---- EXCERPTED DATA

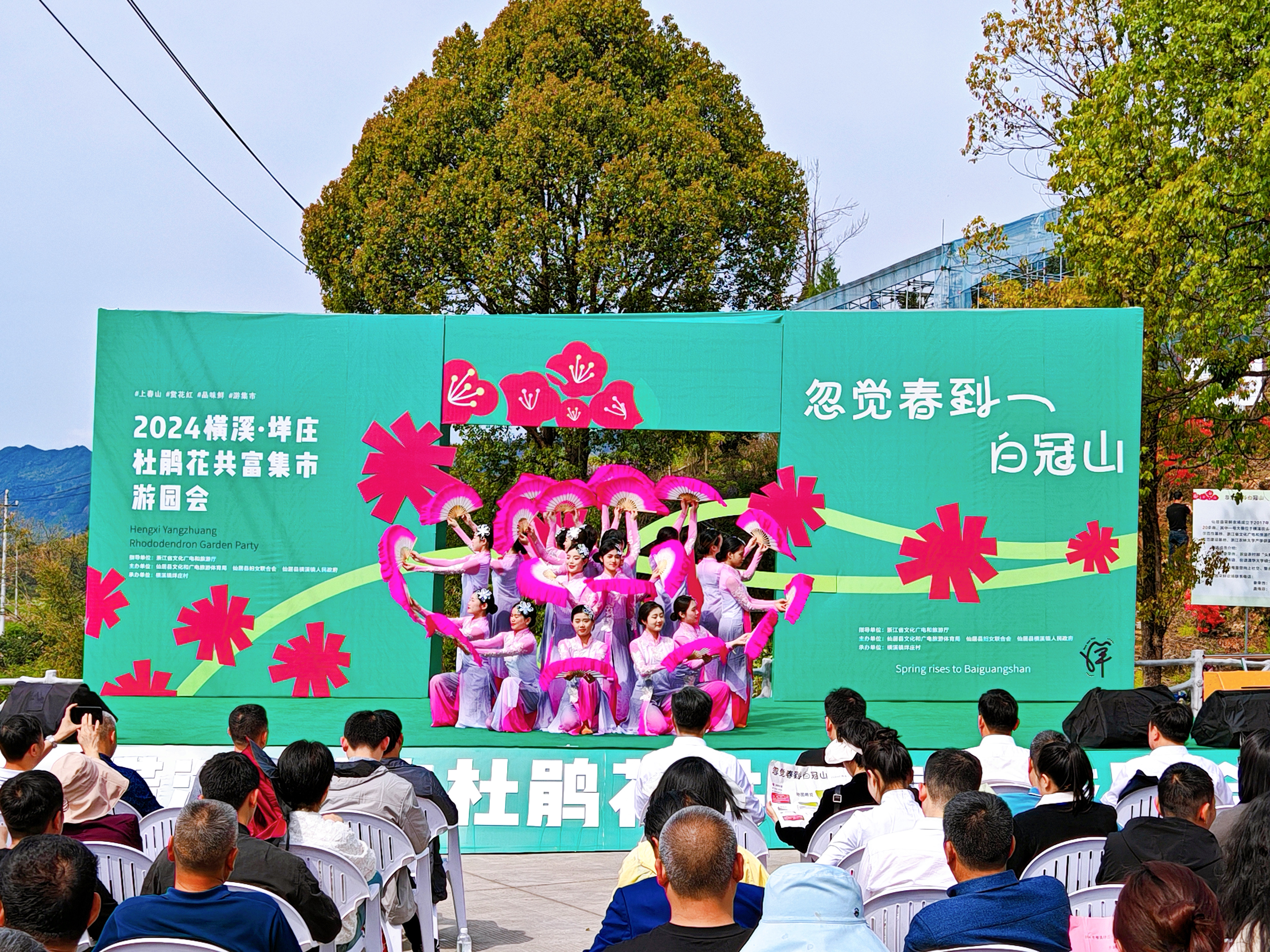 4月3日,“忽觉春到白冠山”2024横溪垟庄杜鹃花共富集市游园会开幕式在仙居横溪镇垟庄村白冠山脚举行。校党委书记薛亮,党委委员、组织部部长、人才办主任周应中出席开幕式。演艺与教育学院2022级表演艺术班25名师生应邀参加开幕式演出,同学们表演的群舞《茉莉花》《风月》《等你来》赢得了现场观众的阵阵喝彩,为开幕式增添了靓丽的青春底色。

--------
---- EXCERPTED DATA

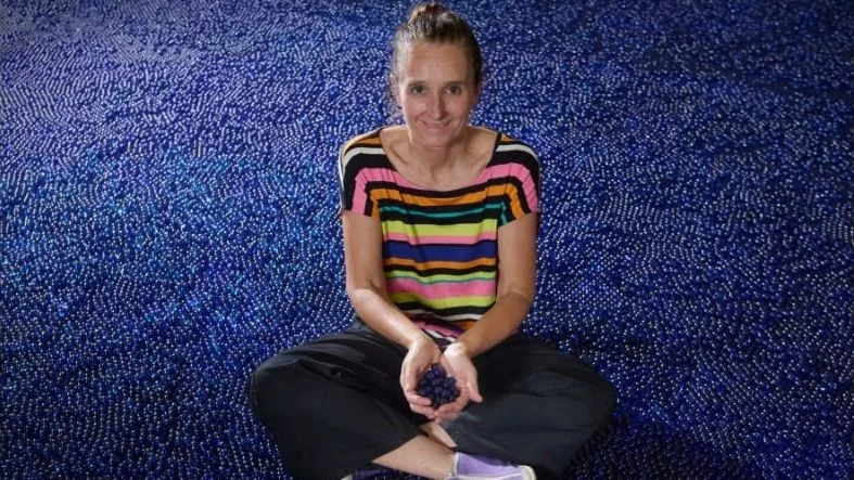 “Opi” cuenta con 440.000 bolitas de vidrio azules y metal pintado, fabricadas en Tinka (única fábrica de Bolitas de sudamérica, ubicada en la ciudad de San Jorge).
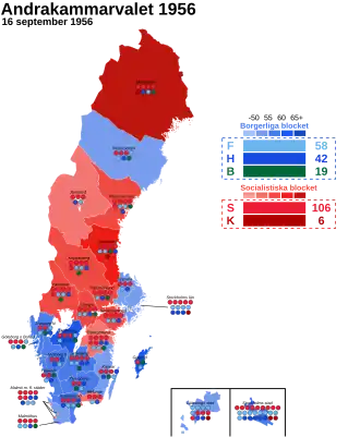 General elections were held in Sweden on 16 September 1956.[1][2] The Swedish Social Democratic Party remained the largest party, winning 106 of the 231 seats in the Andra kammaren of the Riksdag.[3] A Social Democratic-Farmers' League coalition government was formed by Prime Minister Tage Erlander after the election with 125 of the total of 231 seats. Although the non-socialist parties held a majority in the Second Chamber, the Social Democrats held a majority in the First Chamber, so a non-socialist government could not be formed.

--------

### ACTION ITEM
The answer is those lines of the material above that run from the one containing "de San Jorge)." up to and including the one containing "General elections were", restated exactly and without images.

### ANSWER TO THIS TASK
 “Opi” cuenta con 440.000 bolitas de vidrio azules y metal pintado, fabricadas en Tinka (única fábrica de Bolitas de sudamérica, ubicada en la ciudad de San Jorge).
 General elections were held in Sweden on 16 September 1956.[1][2] The Swedish Social Democratic Party remained the largest party, winning 106 of the 231 seats in the Andra kammaren of the Riksdag.[3] A Social Democratic-Farmers' League coalition government was formed by Prime Minister Tage Erlander after the election with 125 of the total of 231 seats. Although the non-socialist parties held a majority in the Second Chamber, the Social Democrats held a majority in the First Chamber, so a non-socialist government could not be formed.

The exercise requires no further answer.